The death comes two years after a 19-year-old college student was killed in a shark attack off Surf Beach
By Jonathan Lloyd and Melissa Pamer
| Tuesday, Nov 6, 2012 | Updated 8:18 PM PDT
A 39-year-old man surfing off Surf Beach near Lompoc
was pronounced dead Tuesday after he was pulled from the water suffering
from an apparent shark attack.
A friend pulled the victim onto
the sand and started CPR while another surfer called 911. The victim was
pronounced dead at the beach, which is about 60 miles northwest of
Santa Barbara on Vandenberg Air Force Base (map).
The victim was identified as Francisco Javier Solorio Jr., 39, of nearby Orcutt.
An initial investigation said he was
"bitten by the shark in the upper torso area," according to the Santa
Barbara County Sheriff's Department.
Solorio was not affiliated with the
military base, according to a press release from Vandenberg, which
initially said the victim was 38 years old.
Solorio's fatal injury appeared to be
a shark bite, and his surf board had "visible signs of bite marks,"
according to Lt. Erik Raney of the sheriff’s department's Santa Maria
station.
The sheriff's department did not have
details regarding the type of shark involved in the attack but had
contacted an expert to confirm the injury, the Vandenberg release
stated.
The Vandenberg Air Force Base Fire
Department responded to the 911 call at about 11 a.m. Three other males
were at the beach at the time of the attack, the sheriff's department
said.
In October 2010, a 19-year-old college student was killed in a shark attack off Surf Beach.
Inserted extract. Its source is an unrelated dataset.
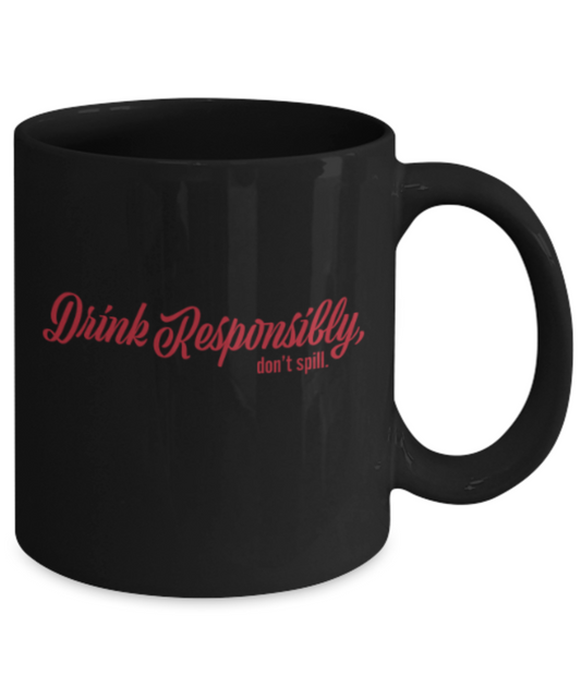 Beer Food Lovers mugs , Drink Responsibly Don't Spill - Black Coffee Mug Porcelain Tea Cup 11 oz - Great Gift

Lucas Ransom was bodyboarding when he disappeared under the water about 100 yards off shore.
In 2008, a shark bit a surfer's board in the waters off the beach, one of three on the Air Force base.
Surf Beach was closed until further
notice Tuesday and base officials were asking the public to avoid
the area "due to safety considerations."
"We've had shark sightings up and down the Santa Barbara coastline pretty frequently recently," Raney told the Associated Press.
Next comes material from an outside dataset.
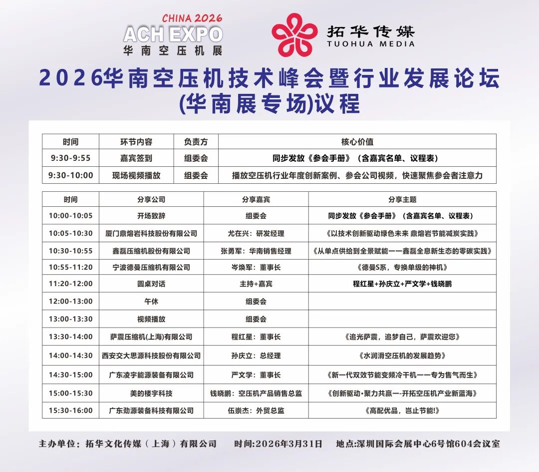 粤港澳大湾区产业升级加速,节能、智能、高效成为空压行业新赛道。为凝聚行业力量、共享技术红利、共拓华南市场、拓华特主办《聚势华南·智领空压--2026华南空压机技术峰会暨行业发展论坛》

One shark expert says, despite decades of study, shark behavior is a mystery.
"When we do see attacks like this,
they typically occur at more remote sites. Places where there aren't a
lot of people at the beach. Why that is, we're not sure ... but we
suspect that sharks avoid areas where there are high densities of
people," said Dr. Christopher Lowe, of Cal State Long Beach.
Still, Lowe says humans seldom fall victim to fatal shark attacks.
"Your chances of dying in a fatal
car crash driving to the beach to go surfing, so overwhelm the
probability of you actually encountering a shark in the wild, that it
becomes almost crazy to worry about," Lowe said.